Nothing but the lines below from the one with "6月20日下午在科研楼504" through the one with "Nach einer Brotzeit" should be output, each exactly as given, and no pictures.

DATA ::
··········

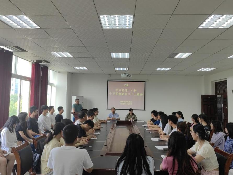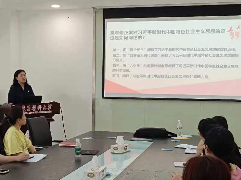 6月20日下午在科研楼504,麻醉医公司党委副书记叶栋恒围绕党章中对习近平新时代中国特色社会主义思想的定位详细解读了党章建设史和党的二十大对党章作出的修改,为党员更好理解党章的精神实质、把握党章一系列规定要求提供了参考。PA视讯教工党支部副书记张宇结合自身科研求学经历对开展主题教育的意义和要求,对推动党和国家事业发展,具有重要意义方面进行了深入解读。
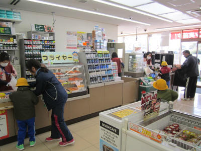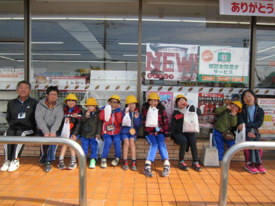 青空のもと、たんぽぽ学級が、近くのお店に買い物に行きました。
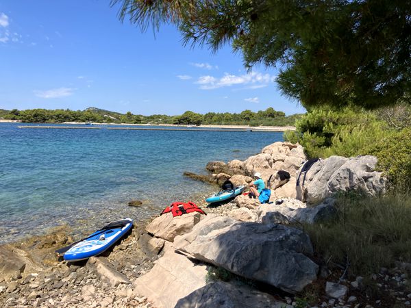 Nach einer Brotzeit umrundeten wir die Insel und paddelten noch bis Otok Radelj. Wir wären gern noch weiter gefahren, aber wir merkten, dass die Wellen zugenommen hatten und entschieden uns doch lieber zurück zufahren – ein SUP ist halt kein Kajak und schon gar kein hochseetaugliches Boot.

··········

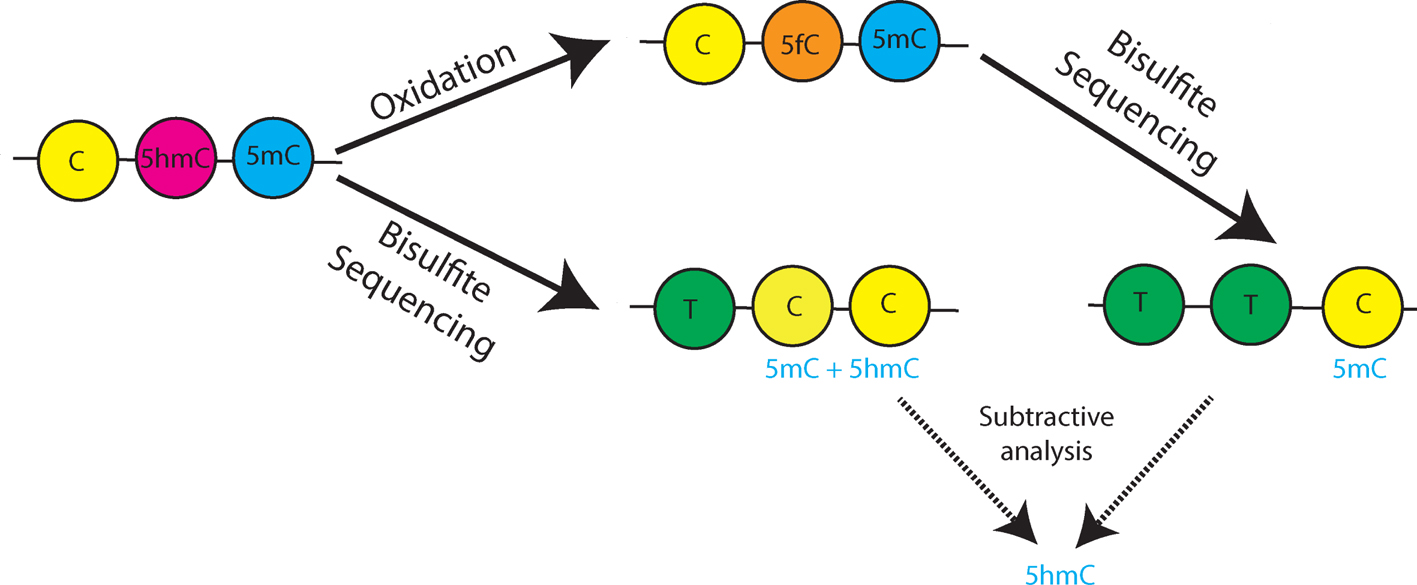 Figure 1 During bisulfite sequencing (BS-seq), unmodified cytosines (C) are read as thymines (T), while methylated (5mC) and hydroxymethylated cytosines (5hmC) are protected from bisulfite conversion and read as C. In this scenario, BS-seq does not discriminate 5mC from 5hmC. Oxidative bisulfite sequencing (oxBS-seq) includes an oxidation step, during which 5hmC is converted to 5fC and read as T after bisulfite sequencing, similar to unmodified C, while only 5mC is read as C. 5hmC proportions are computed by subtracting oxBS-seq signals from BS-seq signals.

··········

SOLUTION TO THE PROBLEM ::
 6月20日下午在科研楼504,麻醉医公司党委副书记叶栋恒围绕党章中对习近平新时代中国特色社会主义思想的定位详细解读了党章建设史和党的二十大对党章作出的修改,为党员更好理解党章的精神实质、把握党章一系列规定要求提供了参考。PA视讯教工党支部副书记张宇结合自身科研求学经历对开展主题教育的意义和要求,对推动党和国家事业发展,具有重要意义方面进行了深入解读。
 青空のもと、たんぽぽ学級が、近くのお店に買い物に行きました。
 Nach einer Brotzeit umrundeten wir die Insel und paddelten noch bis Otok Radelj. Wir wären gern noch weiter gefahren, aber wir merkten, dass die Wellen zugenommen hatten und entschieden uns doch lieber zurück zufahren – ein SUP ist halt kein Kajak und schon gar kein hochseetaugliches Boot.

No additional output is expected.